_Task item:_
Please set down exactly the lines from the one containing "庭園の中心にある池の周りをぐ" through the last line of the records below, both included, with no pictures.

<<<<

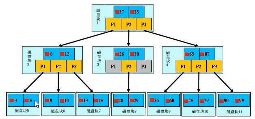 B+树中每一个磁盘块,有两个数据项,一块三个地址,在查询时,会比较大小
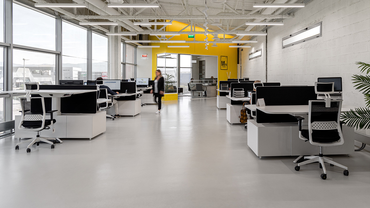 Reformar su nuevo espacio de trabajo, situado junto a uno de los accesos oeste principales de la ciudad y que había permanecido en bruto desde su construcción, ha sido el reto al que el estudio de arquitectura e ingeniería con sede en Málaga, Singulab, se ha enfrentado en este proyecto. Un local prácticamente abandonado, pero con infinitas posibilidades y una fuerte personalidad, gracias a la abundante luz natural que atraviesa el muro cortina de su fachada y una gran altura libre.
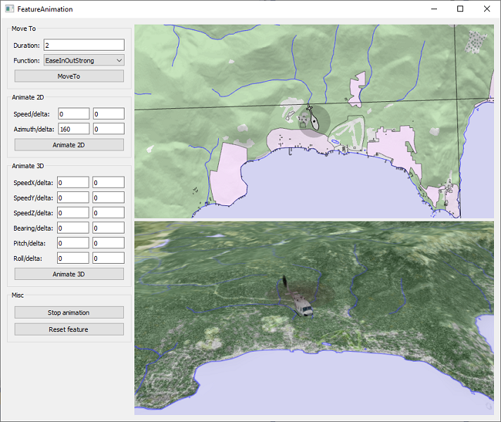 This sample, using C++ and Qt, shows a 2D and a 3D view with a single feature. A side panel can be used to activate different types of feature animations, while the effect of the animations can be seen immediately in the map views.
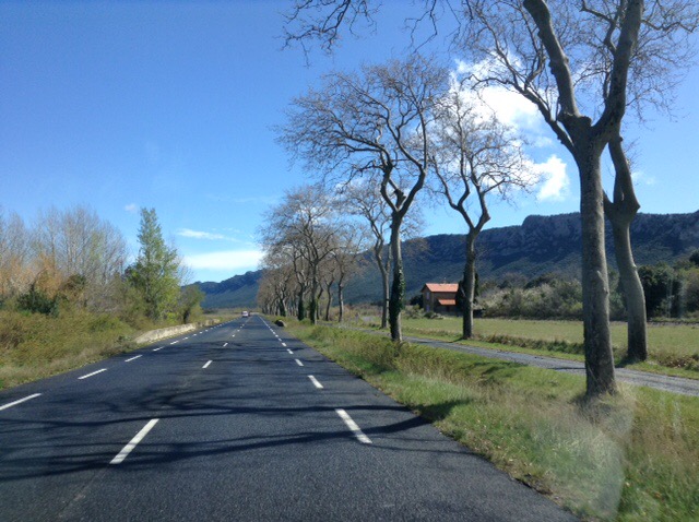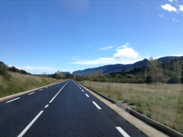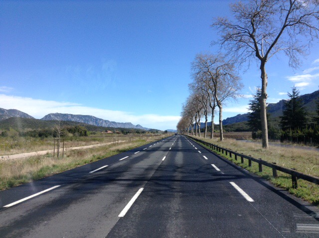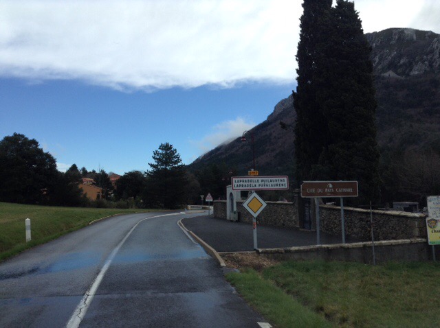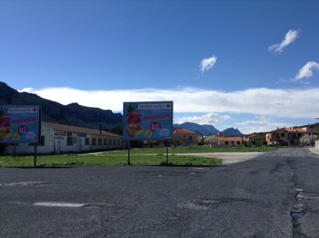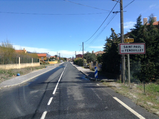 The much-promised Carrefour turned out to be a further 20k even from here, but no worries as it was en route anyway. Somewhere between Lapradelle and St Paul de Fenouillet, the weather seemed to change dramatically, as did the terrain. As the plain opened up with the mountains to the sides, all we could see was blue sky and the temperature reading was suggesting 18C. Bearing in mind it was 3C when we got up this morning that was quite a change.
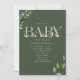 Easter baby shower theme with "BABY" text in beige surrounded by eucalyptus greenery, rabbits, and Easter eggs. Background is dark green on front. Reverse side is beige.
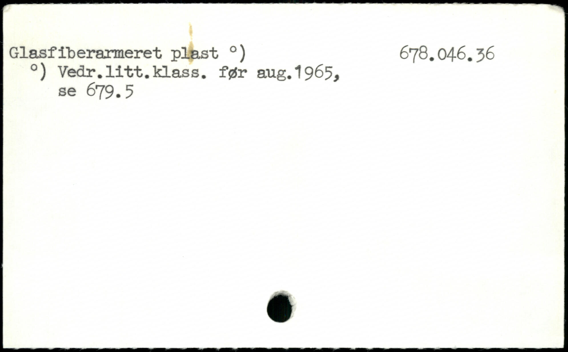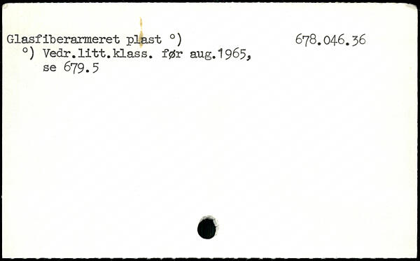 Glasfiberarmeret plast .) 678.046.36 .) Vedr.litt.klass. før aug.1965> se 679.5
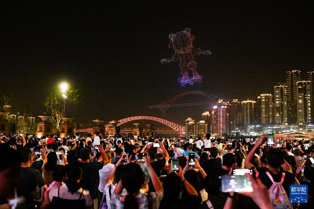 5月2日晚,游客在重庆朝天门广场观看无人机灯光秀。
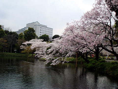庭園の中心にある池の周りをぐるっと歩いて、池を囲むように咲くソメイヨシノも観賞しました。
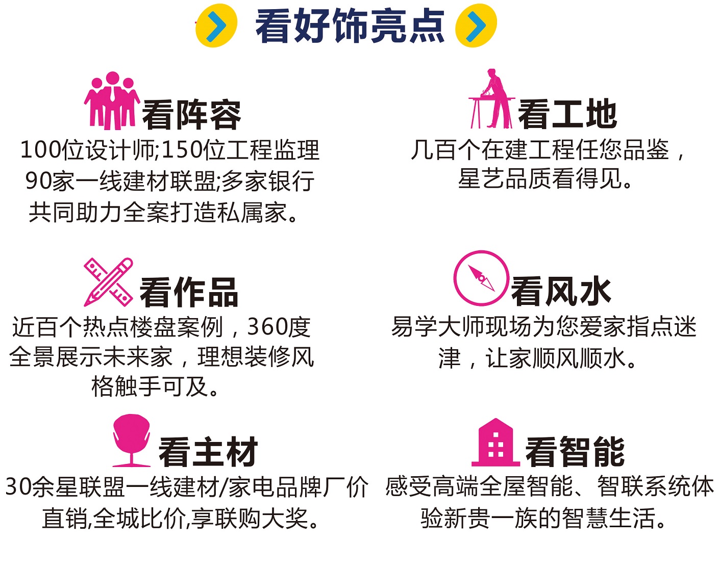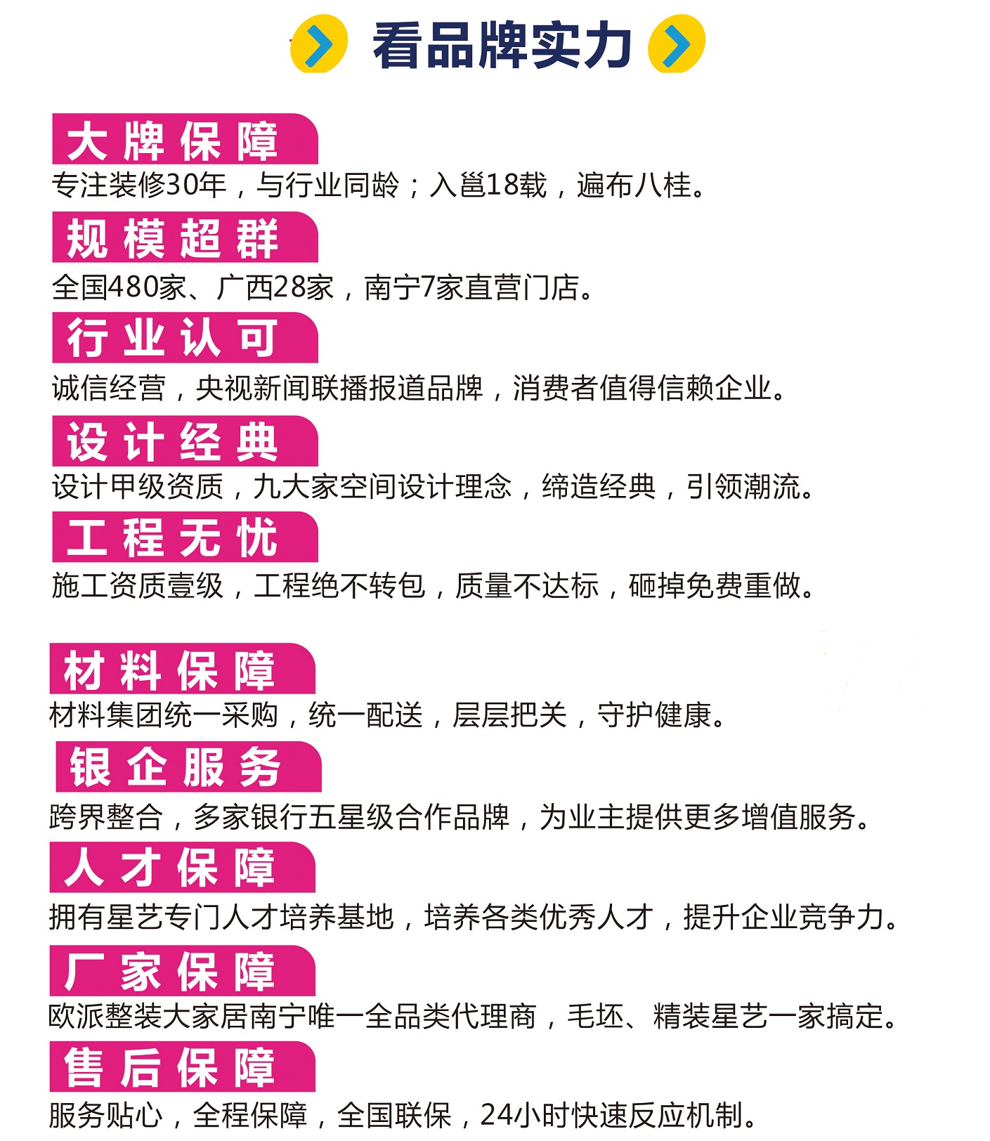 星藝人秉承做良心工程,本著對客戶負責,對自己負責的態(tài)度,工程決不外包,承諾工程質量有問題,砸掉免費重做!“好飾連城”好飾好屋、好事連連、幸福連連,好禮大放送,
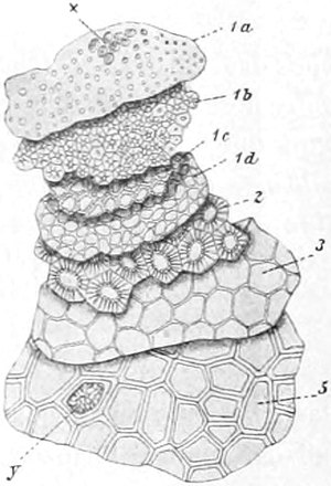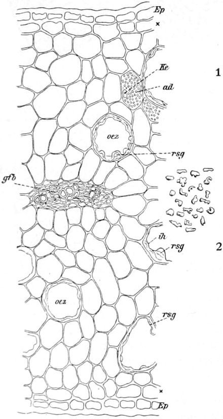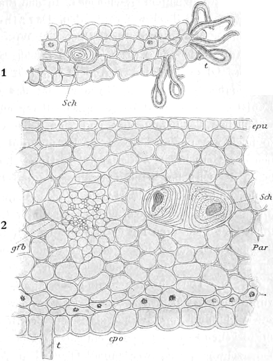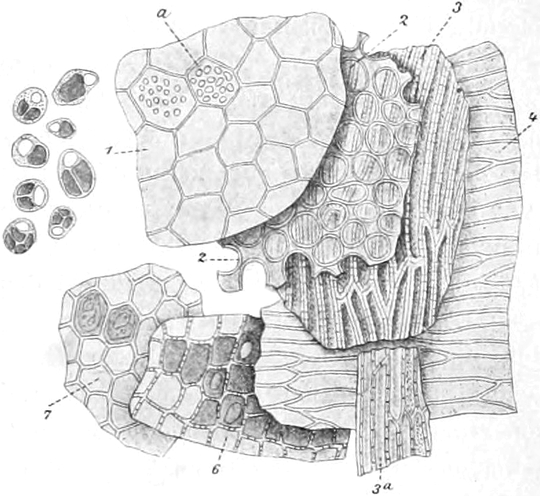 S. 479. Die bisweilen in russischem und galizischem Lycopodium beobachtete Weizenstärke rührt wohl von den Getreidesäcken her, in die die Droge gefüllt wurde (AUGUSTIN).
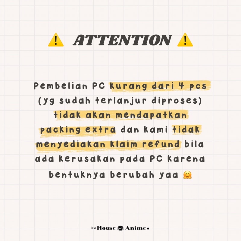 ⚠️ Min. pembelian 4 PC yaa (boleh gabung dengan idol lain). Kurang dari itu mohon maaf belum bisa kami proses 🙏🏼
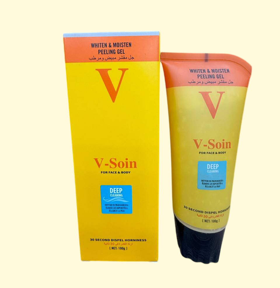 Enjoy a professional skin renewal at home with V-Soin Whiten and Moisten Peeling Gel. This formula is designed to eliminate dead skin cells and impurities, giving your skin a smooth texture and a radiant look. Thanks to its specialized formula for both face and body, this product combines deep cleansing and intense hydration at the same time.
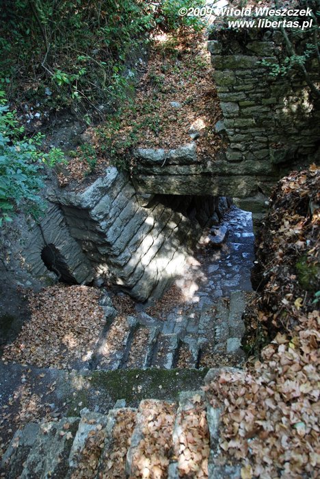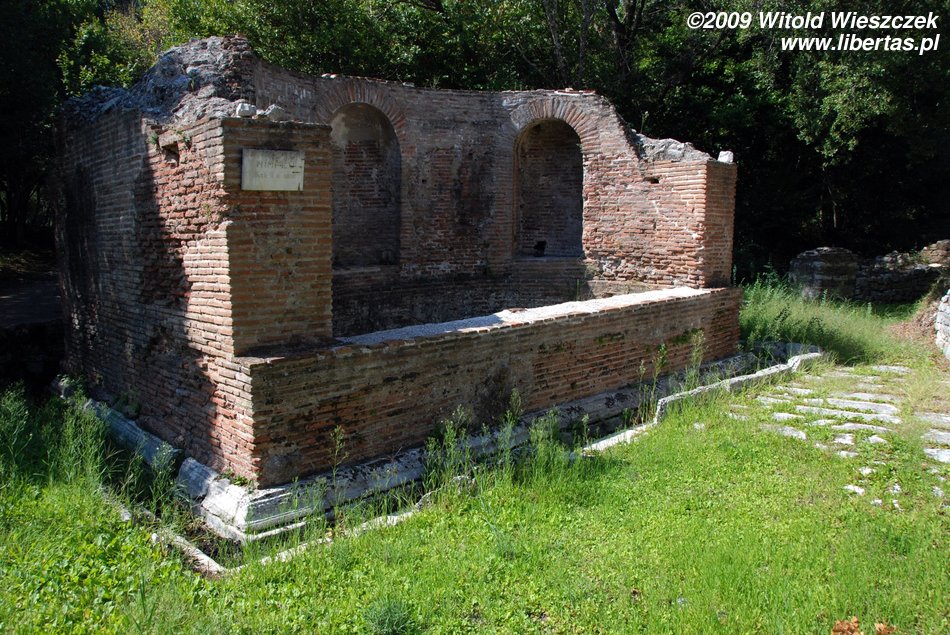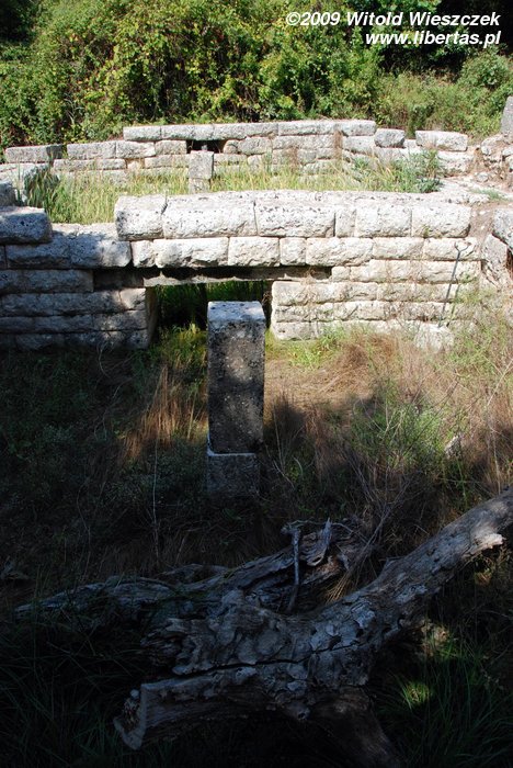 Walking further we pass by the nymphaeum - a fountain built for the water nymphs in form of a temple with apses. It was built in the 1st or 2nd c. when the aqueduct was erected. After looking around we can notice its remains - foundations and abutments.

>>>>

_Solution:_
庭園の中心にある池の周りをぐるっと歩いて、池を囲むように咲くソメイヨシノも観賞しました。
 星藝人秉承做良心工程,本著對客戶負責,對自己負責的態(tài)度,工程決不外包,承諾工程質量有問題,砸掉免費重做!“好飾連城”好飾好屋、好事連連、幸福連連,好禮大放送,
 S. 479. Die bisweilen in russischem und galizischem Lycopodium beobachtete Weizenstärke rührt wohl von den Getreidesäcken her, in die die Droge gefüllt wurde (AUGUSTIN).
 ⚠️ Min. pembelian 4 PC yaa (boleh gabung dengan idol lain). Kurang dari itu mohon maaf belum bisa kami proses 🙏🏼
 Enjoy a professional skin renewal at home with V-Soin Whiten and Moisten Peeling Gel. This formula is designed to eliminate dead skin cells and impurities, giving your skin a smooth texture and a radiant look. Thanks to its specialized formula for both face and body, this product combines deep cleansing and intense hydration at the same time.
 Walking further we pass by the nymphaeum - a fountain built for the water nymphs in form of a temple with apses. It was built in the 1st or 2nd c. when the aqueduct was erected. After looking around we can notice its remains - foundations and abutments.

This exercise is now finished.